Records to use
/---
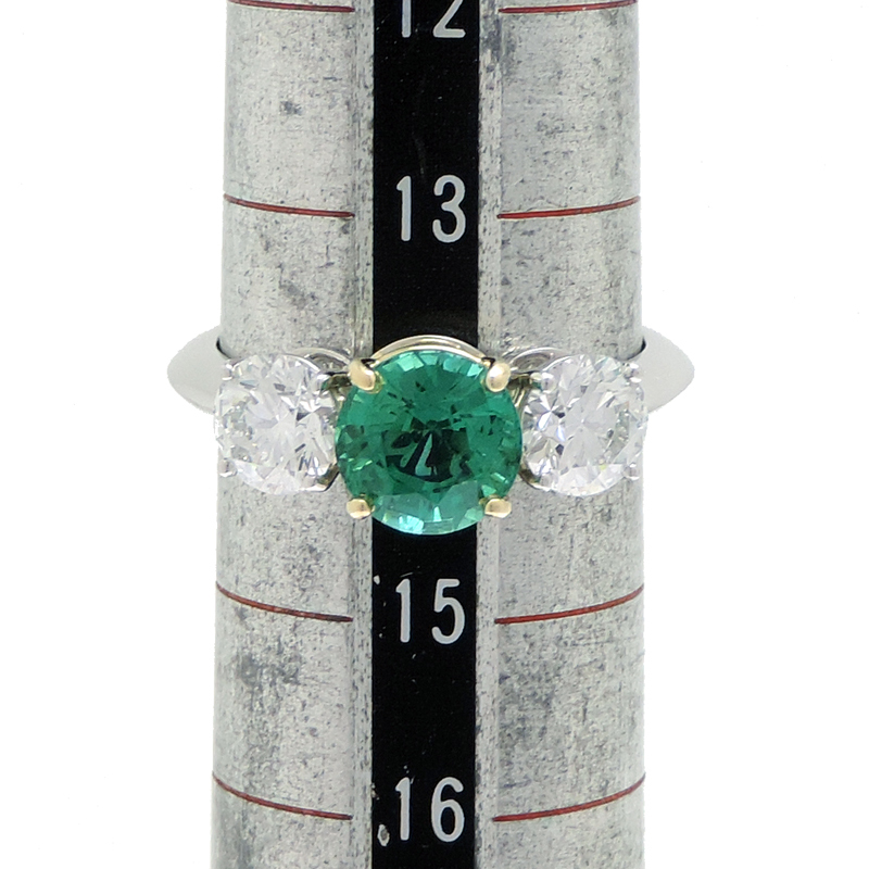Brand Name: TIFFANY&Co. TiffanyProduct Name: Three-Stone 1.55ct Emerald 0.65ct 0.65ct Diamond Ring, Pt950 Platinum, Size 14, GreenSize: Size 14Maximum Ring Width: Approx. 7mmInner Ring Diameter: Approx. 17.3mm* Actual Measurements■ (Size Chart Here)Resizing not possible.Material: Pt950 Platinum, 750 Yellow GoldColor: Green, Silver, GoldAccessories: Storage bag, inner box, copy of repair certificate, appraisal certificateReference Price: ¥8,525,000Condition: Used: AEmerald: Minor scratchesMetal: Fine scratchesSince it has been refinished, there are no noticeable scratches, and it is in good condition.Inner Box: Slightly scuffedWeight: 5.5gStone Type: Emerald 1.55ct / Diamond 0.65ct / Diamond 0.65ctRefinished at Tiffany & Co. in January 2026Clarity: VS1Color: FPolishing Condition: EXCELLENTSymmetry: EXCELLENTFluorescence: NONEDiamond Shape: Round Brilliant CutOverall Cut Evaluation: EXCELLENTThe actual color of the product may differ depending on the device and display you are using.
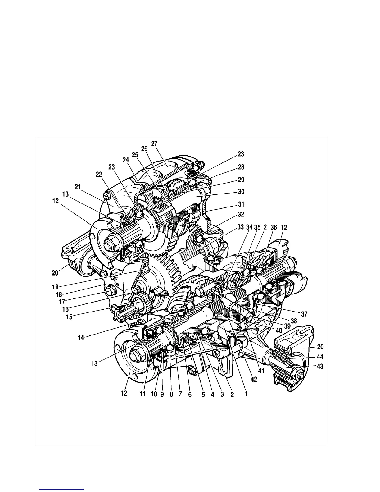 drive shaft bearing; 37 - rear axle differential gear; 38 - pinion; 39 - pinion shaft; 40 - pinion shaft circlip; 41 - spring washer; 42 - front axle differential gear; 43 - transfer
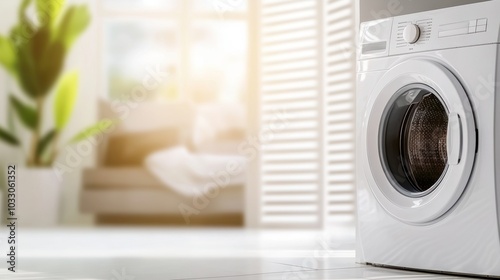A modern washing machine in a bright, sunlit room, indicating a clean and organized laundry area within a home setting, with copy space
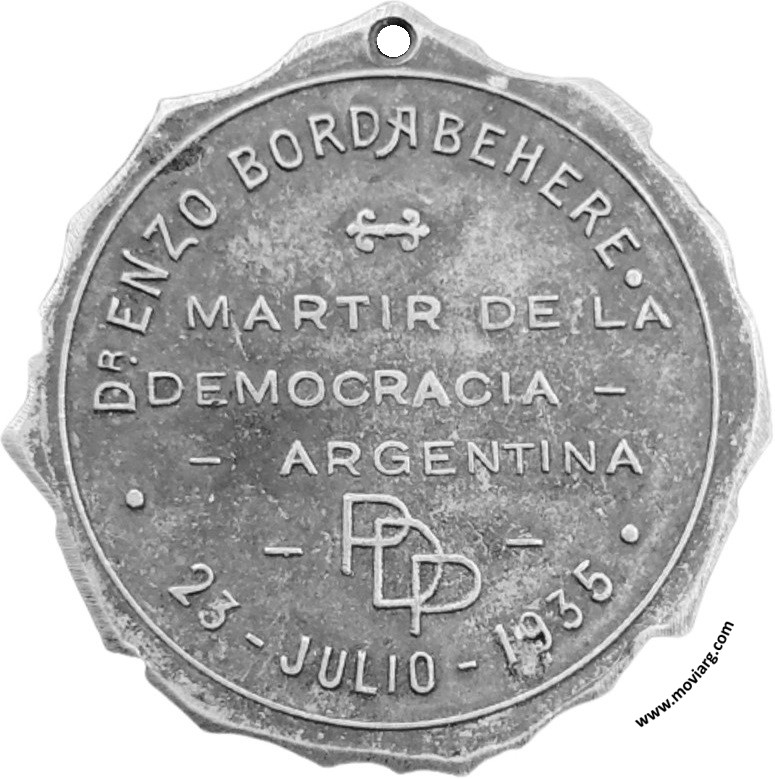 Anverso: Firma: V. VITOLA? VITOIA? / VANZO? Reverso: DR. ENZO BORDABEHERE / MARTIR DE LA / DEMOCRACIA / ARGENTINA / PDP / 23 - JULIO - 1935 Referencia: | |
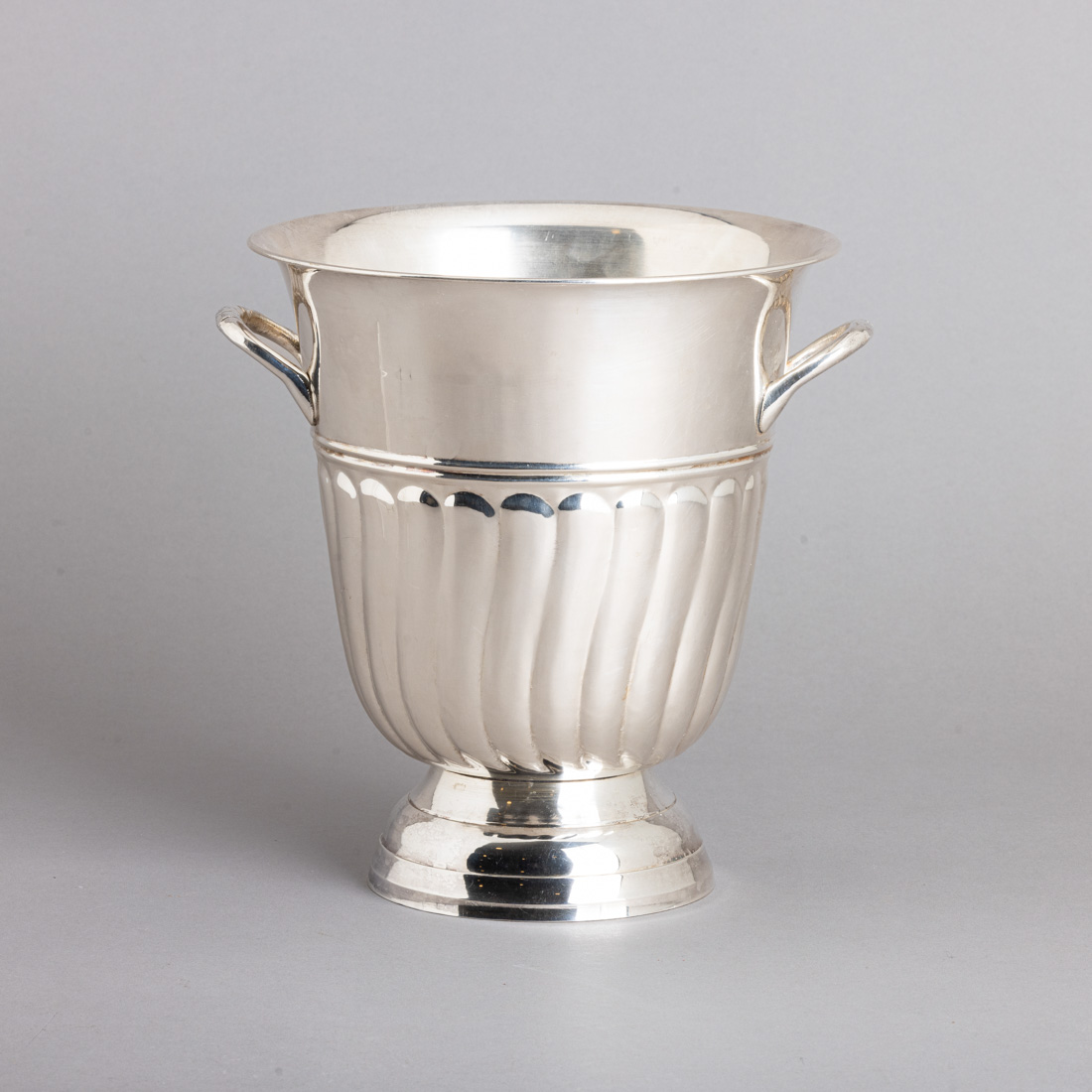 Em metal prateado, decoração gomada, pegas laterais. Sinais de uso.
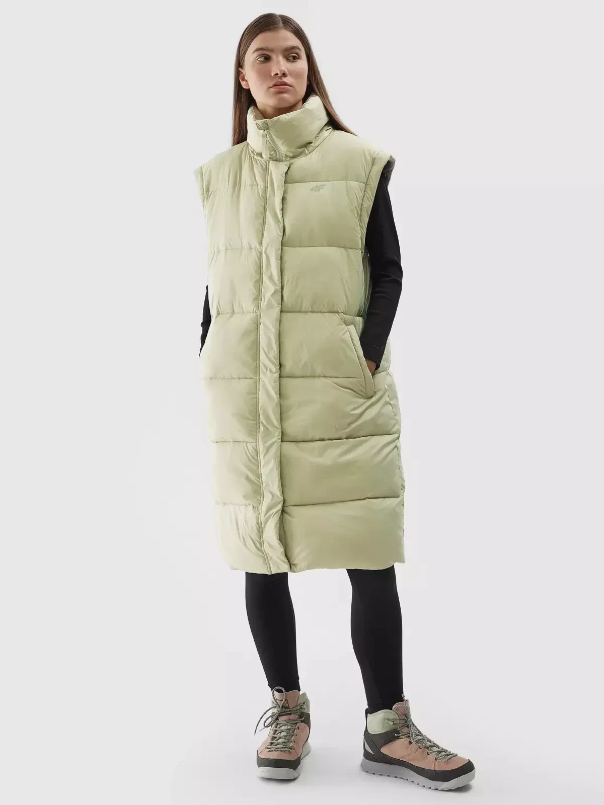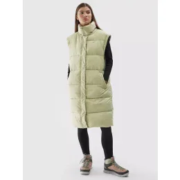 Dámský péřový kabát v oversize střihu s výplní ze syntetického peří poskytuje větší tepelný komfort a chrání záda a stehna. Zimní bunda má také velkou odnímatelnou kapuci a vysoký límec. Dvoucestný zip usnadní přizpůsobit spodní část kabátu, např. při jízdě autem. Díky odepínacím rukávům lze kabát proměnit v dlouhou vestu. Impregnovaný z vnější strany materiál podporuje ochranu proti nadměrné absorpci vlhkosti.
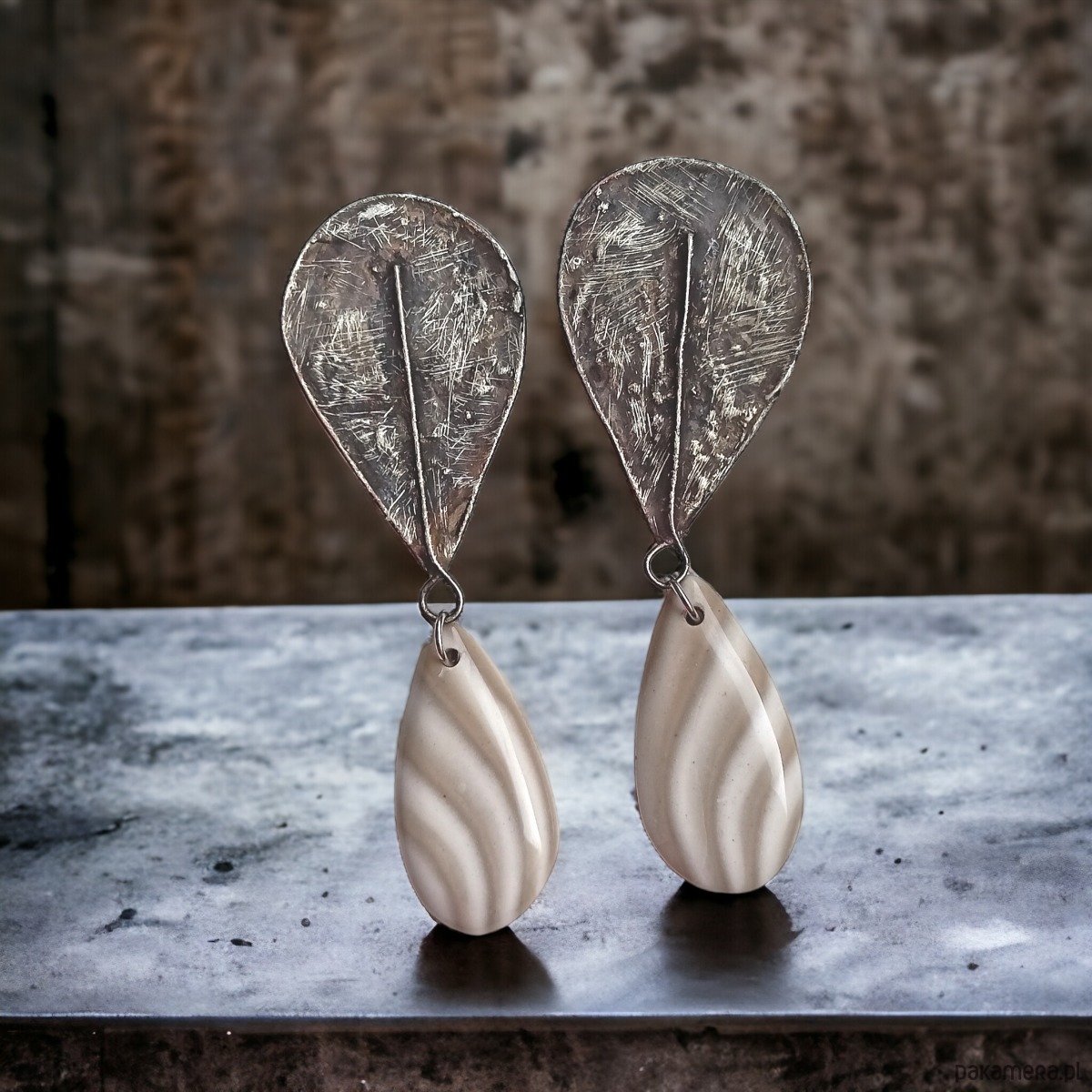 na bazie zawiesiłam łezki - krzemień pasiasty (30mm).
\---
Work instructions
Repeat the data word for word, excluding any image.

Answer
Brand Name: TIFFANY&Co. TiffanyProduct Name: Three-Stone 1.55ct Emerald 0.65ct 0.65ct Diamond Ring, Pt950 Platinum, Size 14, GreenSize: Size 14Maximum Ring Width: Approx. 7mmInner Ring Diameter: Approx. 17.3mm* Actual Measurements■ (Size Chart Here)Resizing not possible.Material: Pt950 Platinum, 750 Yellow GoldColor: Green, Silver, GoldAccessories: Storage bag, inner box, copy of repair certificate, appraisal certificateReference Price: ¥8,525,000Condition: Used: AEmerald: Minor scratchesMetal: Fine scratchesSince it has been refinished, there are no noticeable scratches, and it is in good condition.Inner Box: Slightly scuffedWeight: 5.5gStone Type: Emerald 1.55ct / Diamond 0.65ct / Diamond 0.65ctRefinished at Tiffany & Co. in January 2026Clarity: VS1Color: FPolishing Condition: EXCELLENTSymmetry: EXCELLENTFluorescence: NONEDiamond Shape: Round Brilliant CutOverall Cut Evaluation: EXCELLENTThe actual color of the product may differ depending on the device and display you are using.
 drive shaft bearing; 37 - rear axle differential gear; 38 - pinion; 39 - pinion shaft; 40 - pinion shaft circlip; 41 - spring washer; 42 - front axle differential gear; 43 - transfer
A modern washing machine in a bright, sunlit room, indicating a clean and organized laundry area within a home setting, with copy space
 Anverso: Firma: V. VITOLA? VITOIA? / VANZO? Reverso: DR. ENZO BORDABEHERE / MARTIR DE LA / DEMOCRACIA / ARGENTINA / PDP / 23 - JULIO - 1935 Referencia: | |
 Em metal prateado, decoração gomada, pegas laterais. Sinais de uso.
 Dámský péřový kabát v oversize střihu s výplní ze syntetického peří poskytuje větší tepelný komfort a chrání záda a stehna. Zimní bunda má také velkou odnímatelnou kapuci a vysoký límec. Dvoucestný zip usnadní přizpůsobit spodní část kabátu, např. při jízdě autem. Díky odepínacím rukávům lze kabát proměnit v dlouhou vestu. Impregnovaný z vnější strany materiál podporuje ochranu proti nadměrné absorpci vlhkosti.
 na bazie zawiesiłam łezki - krzemień pasiasty (30mm).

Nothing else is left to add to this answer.